Pour un déjeuner nutritif et copieux, le gado-gado peut être votre choix. Le gado-gado se compose d'une variété de légumes riches en fibres, vitamines et minéraux qui répondront à vos besoins nutritionnels. Si votre alimentation est adéquate, vous éviterez également d'avoir envie de mâcher quelque chose même si vous n'avez pas vraiment faim. De plus, les noix du gado-gado fourniront des protéines et des graisses insaturées dont le corps a besoin pour rester rassasié plus longtemps.

5. Poulet et poisson

Afin de ne pas avoir faim rapidement même si vous avez mangé, des protéines faibles en gras ( protéines maigres) est la réponse dont vous avez besoin. Vous pouvez trouver des protéines faibles en gras dans le poulet et le poisson comme le thon et les sardines. En plus de ne pas vous faire grossir, le poulet et le poisson riches en protéines vous rassasieront. Cependant, essayez de manger du poisson ou du poulet sautés, bouillis et transformés en poivrons, et non frits.

6. Bouillie d'avoine

Remplacez vos céréales de petit-déjeuner ou votre riz frit par un bol chaud de flocons d'avoine.
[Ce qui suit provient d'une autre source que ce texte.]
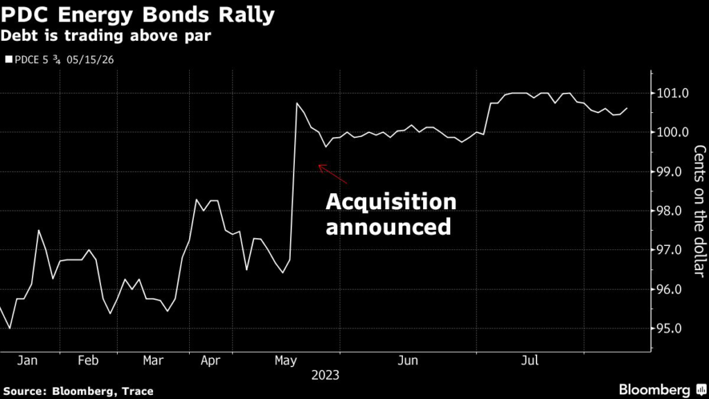 Under the terms of PDC’s bonds, the Chevron deal didn’t trigger the change of control clause because the debt wasn’t downgraded, according to materials from the Credit Roundtable.

Les glucides contenus dans le blé seront brûlés dans le corps plus longtemps. Par conséquent, vous n'avez pas faim rapidement, mais vous obtenez tout de même l'apport énergétique nécessaire pour mener à bien les activités quotidiennes. Riche en fibres dans la bouillie gruau Il lancera également le système digestif afin que tous les nutriments entrants soient mieux absorbés. Cela signifie que le cerveau ne se laissera pas berner par la sensation de vouloir manger quelque chose parce que les nutriments de votre nourriture n'ont pas été entièrement absorbés par le corps.

7. Chocolat noir

Si l'envie de grignoter commence à apparaître, choisissez le chocolat noir ou chocolat noir. Par rapport à d'autres types de chocolat comme chocolat blanc ou chocolat au lait , le chocolat noir est plus dense et nutritif. Une étude publiée dans Nutrition & Diabetes a révélé que manger du chocolat noir peut vous aider à contrôler les envies d'aliments sucrés ou salés. Après tout, le chocolat noir offre une myriade d'avantages pour votre santé.

8. Pomme

Les fruits riches en fibres peuvent remplir votre estomac plus longtemps. Essayez de manger une pomme environ une demi-heure avant de manger. La teneur en eau et en fibres des pommes vous aidera à contrôler votre appétit afin que vous ne deveniez pas fou et que vous ne mangiez pas trop. De plus, les fibres peuvent vous aider à perdre du poids.

9. Smoothies

Remplissez votre ventre de smoothies de yogourt faible en gras et de fruits riches en fibres. Vous obtiendrez également des protéines, du calcium, des fibres et des vitamines nécessaires à l'organisme. En raison de la densité nutritionnelle de smoothies ce que vous buvez, l'estomac n'aura pas faim rapidement. Vous pouvez également prévenir la déshydratation et la soif, que le corps interprète parfois à tort comme de la faim.

10. Légumes

Faites le tour de votre assiette pour ne pas avoir faim même si vous avez mangé. Si votre ratio habituel de riz, de plats d'accompagnement et de légumes est de 2:2:1, changez la portion en 1:1:3. Assurez-vous que votre source de riz ou de glucides ne dépasse pas les légumes que vous consommez. Les légumes bouillis, sautés ou crus riches en divers nutriments vous rassasieront plus longtemps que le riz, les nouilles ou le pain. En faisant cela, votre appétit sera plus sain et plus facile à contrôler.